Action item. Leaving out the pictures, return each line of the entries from the first through the line with "When a device", and only those lines.

Data.
◇ ◇ ◇ ◇ ◇ ◇ ◇

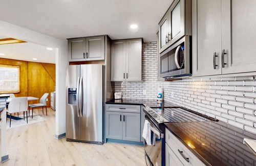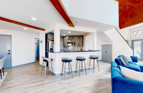 Inside this beautiful home, discover a host of updated amenities, colorful decor, and mid-century modern sensibilities. Brew up your morning coffee or prepare full-course dinners in the sparkling, contemporary kitchen complete with stainless steel appliances and a breakfast bar. Dine together indoors or meet up around the picnic table on the lower-level patio for an unmatched alfresco experience. After meals, take a seat in the main living area where you can stream all your favorite channels.
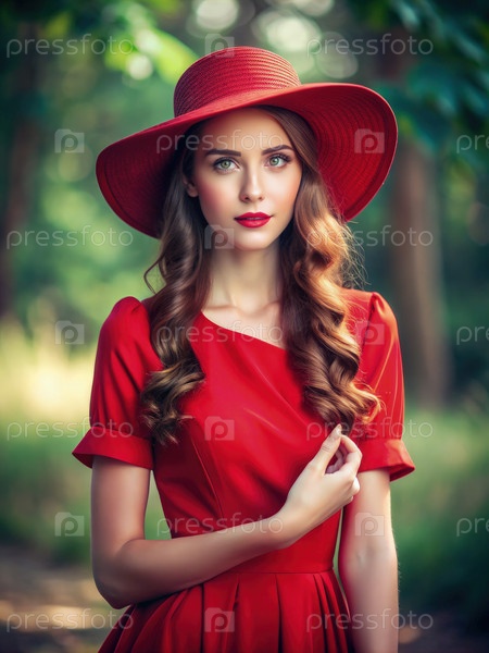 Молодая леди в красном платье и широкой шляпе элегантно позирует в лесной обстановке
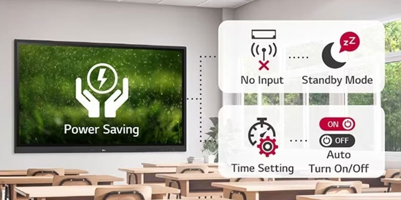 When a device doesn't receive an external input signal for a specific amount of time set by the user, the device goes into standby mode. Devices can also be automatically turned on or off at specific time or day set by the user, which contributes to save energy.
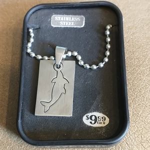 NWT Stainless steel shark cut out dog tag necklace. Comes in little metal pill box.
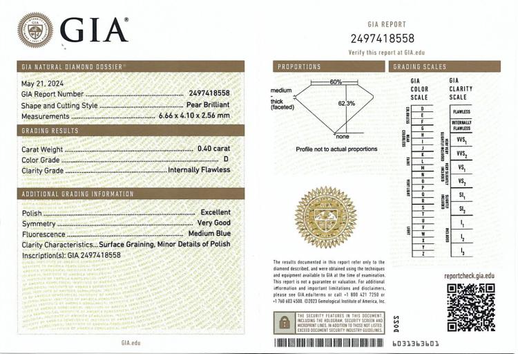 A loose pear shape natural Diamond of 0.40ct (with GIA Diamond Dossier report graded as D Internally Flawless #2497418558). (New)

◇ ◇ ◇ ◇ ◇ ◇ ◇

Answer to this task.
 Inside this beautiful home, discover a host of updated amenities, colorful decor, and mid-century modern sensibilities. Brew up your morning coffee or prepare full-course dinners in the sparkling, contemporary kitchen complete with stainless steel appliances and a breakfast bar. Dine together indoors or meet up around the picnic table on the lower-level patio for an unmatched alfresco experience. After meals, take a seat in the main living area where you can stream all your favorite channels.
 Молодая леди в красном платье и широкой шляпе элегантно позирует в лесной обстановке
 When a device doesn't receive an external input signal for a specific amount of time set by the user, the device goes into standby mode. Devices can also be automatically turned on or off at specific time or day set by the user, which contributes to save energy.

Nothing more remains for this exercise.